Steven Earth Metz leads a hot yoga class at Earth’s Power Yoga while nature images are projected on the walls. (Ricardo DeAratanha / Los Angeles Times)
I seem to be a permanent yoga newbie. I hate sitting cross-legged, and that always gets in the way despite my yoga-fan friends’ insistence that it doesn’t matter. So I reluctantly agreed to try another yoga class. Yogascape, held in a room heated to about 94 degrees, lets participants escape to the water, the desert and elsewhere with sound and videos on all four walls.
Yogascape, created by Steven Metz, owner of Earth’s Power Yoga, is unexpectedly down to earth and a satisfying “immersive experience” that left me tired and my skin feeling great. And I hardly had to cross my legs at all. Be prepared to seriously sweat.
Earth’s Power Yoga, 7901 Melrose Ave., No. 208, www.earthspoweryoga.com
Aura: The room is hot and the lights are low; the walls are a changing series of scenes, some fairly abstract, some real. A huge moon covers much of a wall at one point; at another, there’s a fire-red sky, then a huge lake, mountains, stars. Metz talks through the class, explaining the moves.
Metz is an extreme sportsman and said he got the idea for yogascape while watching sunlight play on the ocean currents while scuba diving in Mexico. We are shaped by and adapt to our environments, he said. For his students, “I want them to get to a fully blissed-out yogic immersion experience.”

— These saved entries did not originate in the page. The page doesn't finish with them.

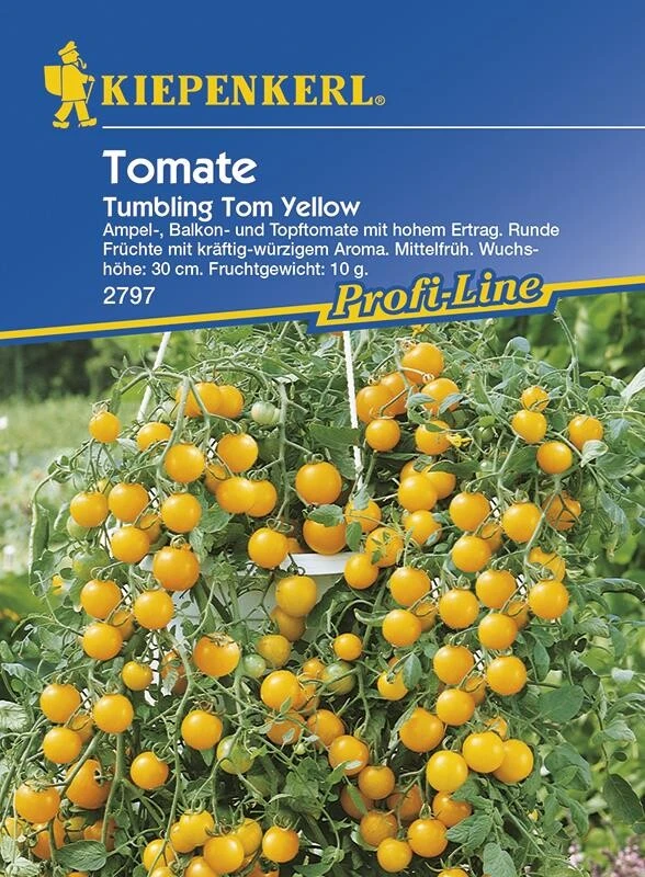 Die Cherry-Tomate ‚Tumbling Tom Yellow‘ aus dem Kiepenkerl Profi-Line-Programm ist die Schwester von ‚Tumbling Tom Red‘, allerdings mit runden, leuchtend gelben Früchten. Diese überzeugen mit einem kräftig-würzigen Aroma und haben genau die richtige Größe zum Naschen, können aber auch wie dekorative Cocktailtomaten aufgeschnitten oder für Salate und Suppen und im Aufschnitt verwendet werden. ‚Tumbling Tom Yellow‘ passt mit ihrem überhängenden, buschigen Wuchs perfekt in größere Ampeln, in Hochbeete, Gefäße und Balkonkästen.
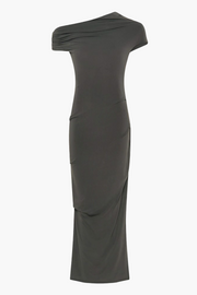 The Elemental Ida Dress in Mushroom from Paris Georgia is a timeless staple with an elegant yet effortless drape. Crafted in New Zealand from a soft, stretchy cupro rib fabric, this silhouette features their signature one-shoulder twist, designed to slouch off the shoulder for a relaxed yet refined look. A capped sleeve, side tucks, and a side split add a sculptural touch, enhancing the body's natural curves. A perfect choice for both day-to-night styling, pair it with minimal heels and delicate jewellery for an effortlessly chic look.
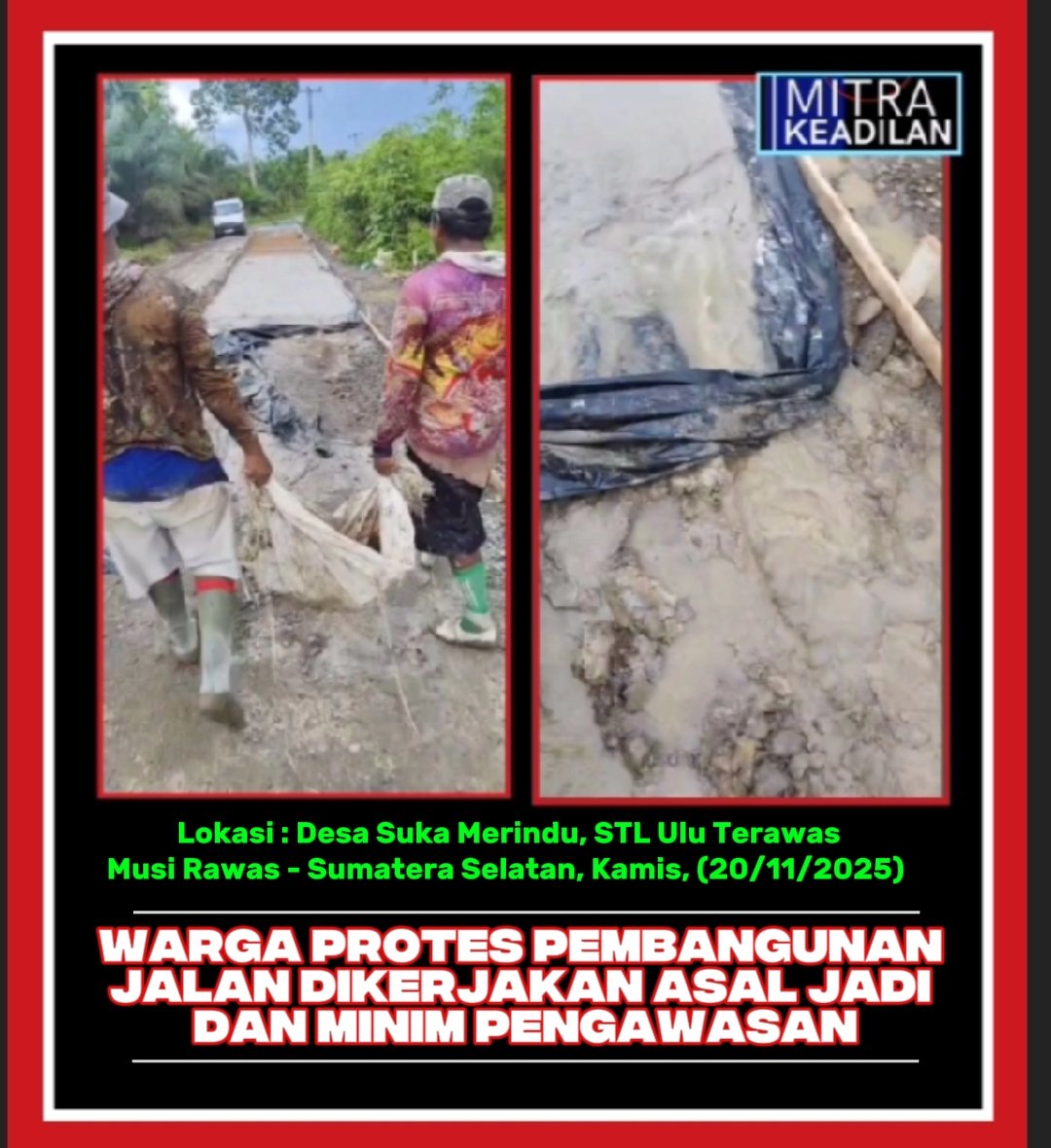 Masyarakat Suka Merindu mendesak Pemerintah Kabupaten Musi Rawas, khususnya pihak PU, untuk segera mengambil tindakan tegas terhadap pelaksana proyek yang diduga merugikan negara dan masyarakat ini.
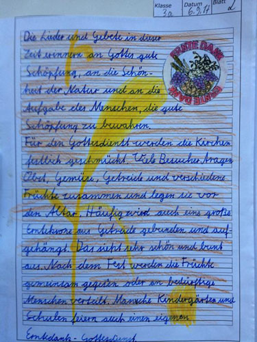 Gabriel: Das Lapbook hat mir gefallen. Und die Zusatzaufgabe: ich habe ein Plakat zum Thema „Ernte“ gemacht.
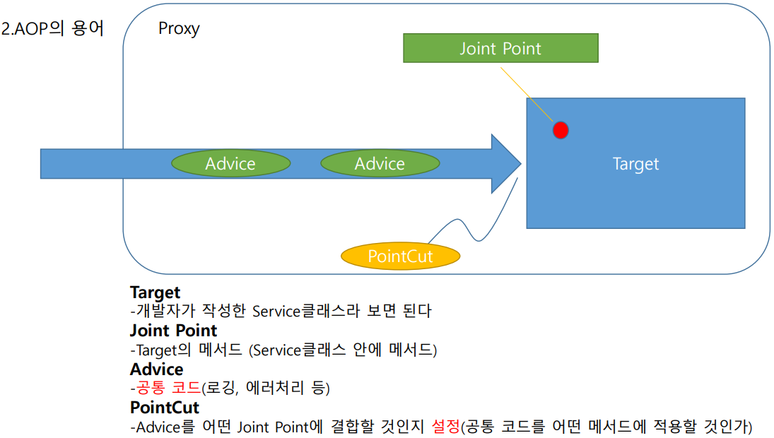 ProceedingJoinPoint는 AOP의 대상이 되는 Target이나 파라미터 등을 파악할 뿐만 아니라
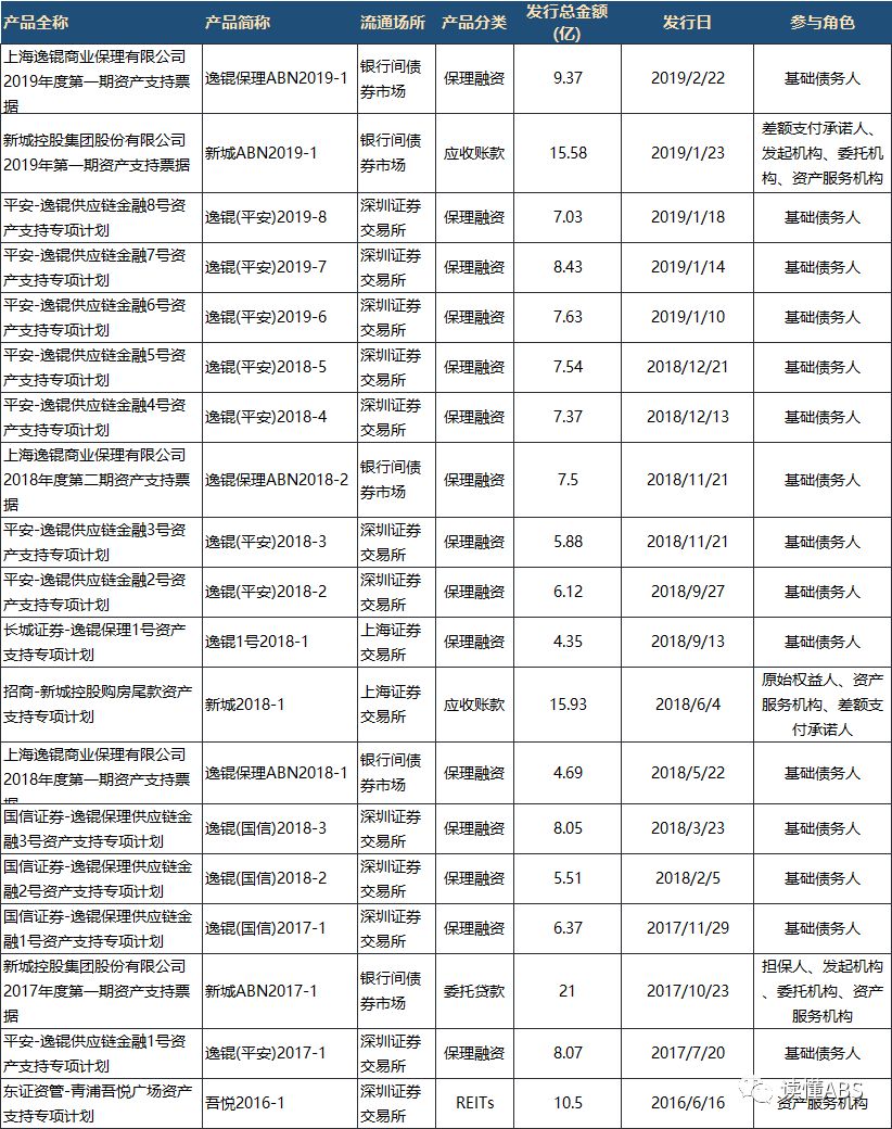 2019年2月22日,上海逸錕商業(yè)保理有限公司2019年度第一期資產(chǎn)支持票據(jù)成功發(fā)行,產(chǎn)品總規(guī)模9.37億元。
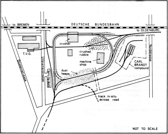 As the DB (Deutsche Bundesbahn) train from Oldenburg ran into Bremen it was possible to see narrow gauge steam locomotives trundling wooden tip wagons of rubble on the west side of the DB line just before the junction with the line from Bremerhaven. This was the 60cm gauge railway operated by Carl Brandt and which formerly ran from bombed sites in the harbour area. At the time of my visit in May 1957 there were still traces of narrow gauge rails across the nearby cobbled streets but the system had been reduced to carrying rubble brought in by lorries to a crushing plant for T. V. G., Bremen, makers of bricks from rubble.

Effort: At first, the class seems fairly tame, but by the end of the hour I was like an overcooked noodle. Metz’s style is vigorous, with almost constant movement. It was rare, until the brief meditation at the end, that a pose was held still. Most of the work could be done by a reasonably fit yoga beginner; just one pose was completely beyond me. (“After two years naked in a cave, you’ll get this,” he joked.) I was happy I had an experienced yogi next to me, so I could look to her to get things right.
Style: Metz is funny and doesn’t take himself or the work too seriously. He gives many pointers on modifying poses, supporting the back, etc., only rarely in yoga-speak.
Cost: Single classes are $20; various packages also available.